An object is dropped from altitude \(y_{0}\). (a) Assume that the drag force is proportional to velocity, with drag coefficient \(k\). Obtain an implicit solution relating velocity and altitude. (b) If the terminal velocity is known to be \(-120 \mathrm{mph}\) and the impact velocity was \(-90 \mathrm{mph}\), what was the initial altitude \(y_{0}\) ?

Short answer

Question: An object falls vertically under the influence of gravity and air resistance. If the drag force is proportional to its velocity, find the implicit solution relating velocity and altitude. Given the terminal velocity is -120 mph and the impact velocity is -90 mph, find the initial altitude (y_0) from which the object was dropped.
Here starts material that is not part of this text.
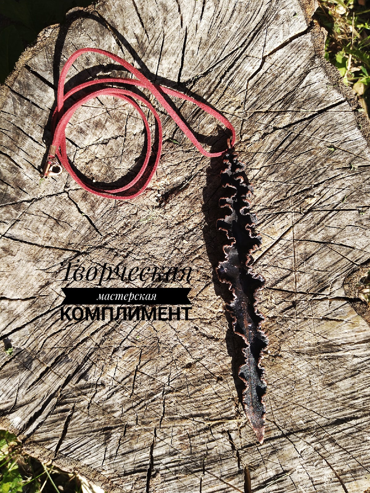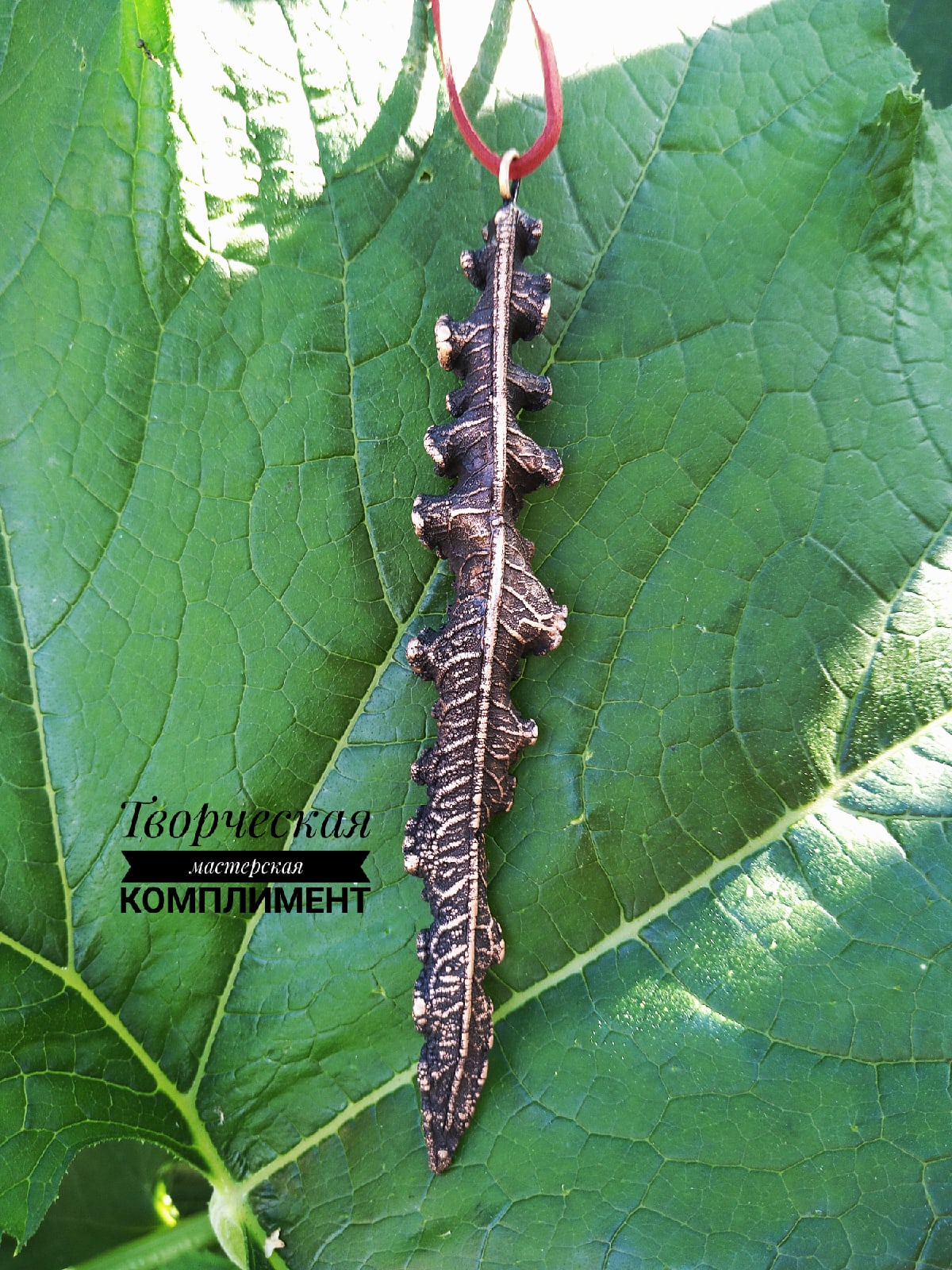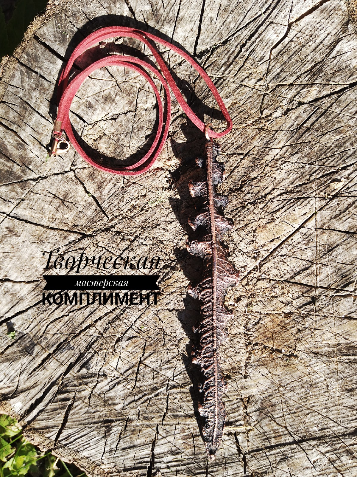 Кулон из листочка конского щавеля на кожаном шнурке, патина чернение, листочек около 16 см длинной.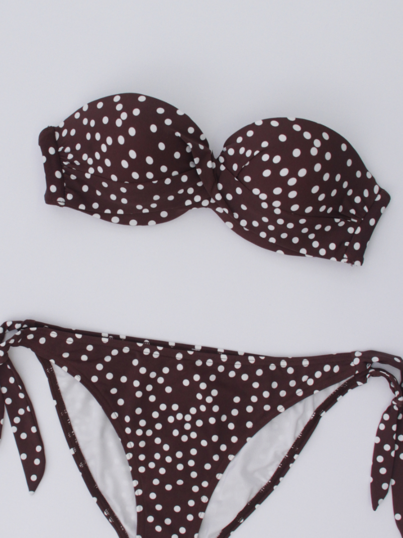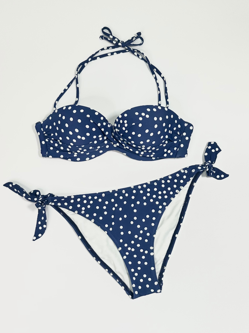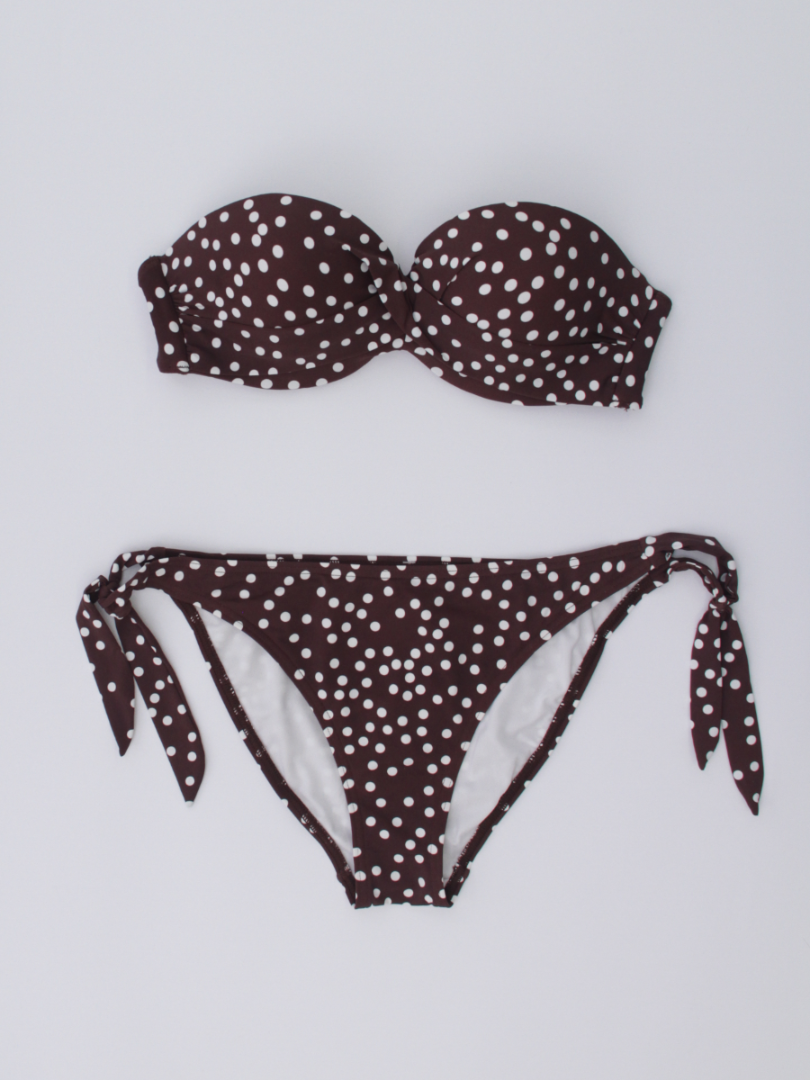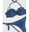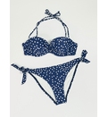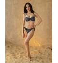 Sutien balconette cu bretele detașabile. Cupe cu dublu push up, cu armătură, care ridică și modelează bustul. Se leagă la spate. Sutienul oferă suport optim și accentuează decolteul cu o formă rotunjită. Ideal pentru a crea un look feminin senzual. Slip de baie clasic cu legături în laterale, cu dublură pe întreaga suprafață, cu talie medie.

Answer: To find the implicit solution relating velocity and altitude, first write the differential equation for the object's motion: \(v\frac{dv}{dy} = g - (\frac{k}{m})v\). Integrate to get \(-\frac{m}{k} \ln|g - (\frac{k}{m})v| \Big|_{v_0}^v = y - y_0\). To find the initial altitude, plug in the terminal and impact velocities and solve for \(y_0\): \(y_0 = \frac{m}{k}(\ln|g - (\frac{k}{m})(-90 \mathrm{mph})| - \ln|g - (\frac{k}{m})(-120 \mathrm{mph})|) + y_i\). Calculate the value of y_0 by inserting the corresponding values for g, k, and m, and convert the velocities to the same unit if needed. This will give you the initial altitude, y_0.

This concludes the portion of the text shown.